### [Exercise]
From the entries below, reproduce exactly the line containing "高橋院長は「秋バテ」への対策", the line containing "Busch vacuum pump, type: 063-138, number: 405264, capacity: 63", and every line in between, with nothing added.

### [Given records]
┌──

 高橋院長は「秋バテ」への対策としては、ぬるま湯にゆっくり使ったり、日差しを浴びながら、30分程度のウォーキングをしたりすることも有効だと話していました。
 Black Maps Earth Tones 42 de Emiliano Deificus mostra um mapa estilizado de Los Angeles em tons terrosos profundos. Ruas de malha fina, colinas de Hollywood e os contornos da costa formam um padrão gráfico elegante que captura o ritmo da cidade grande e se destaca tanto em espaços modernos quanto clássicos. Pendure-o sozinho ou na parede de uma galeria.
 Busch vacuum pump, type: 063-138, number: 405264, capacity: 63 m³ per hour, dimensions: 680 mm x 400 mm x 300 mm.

└──
┌──

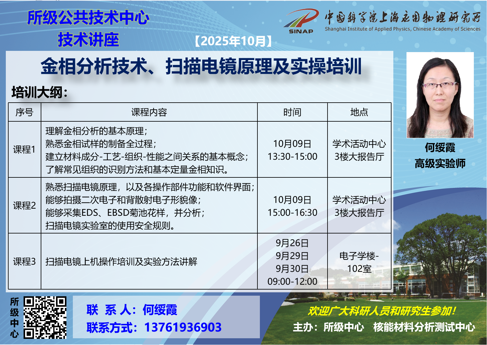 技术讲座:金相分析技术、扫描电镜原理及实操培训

└──

### [Solved exercise]
 高橋院長は「秋バテ」への対策としては、ぬるま湯にゆっくり使ったり、日差しを浴びながら、30分程度のウォーキングをしたりすることも有効だと話していました。
 Black Maps Earth Tones 42 de Emiliano Deificus mostra um mapa estilizado de Los Angeles em tons terrosos profundos. Ruas de malha fina, colinas de Hollywood e os contornos da costa formam um padrão gráfico elegante que captura o ritmo da cidade grande e se destaca tanto em espaços modernos quanto clássicos. Pendure-o sozinho ou na parede de uma galeria.
 Busch vacuum pump, type: 063-138, number: 405264, capacity: 63 m³ per hour, dimensions: 680 mm x 400 mm x 300 mm.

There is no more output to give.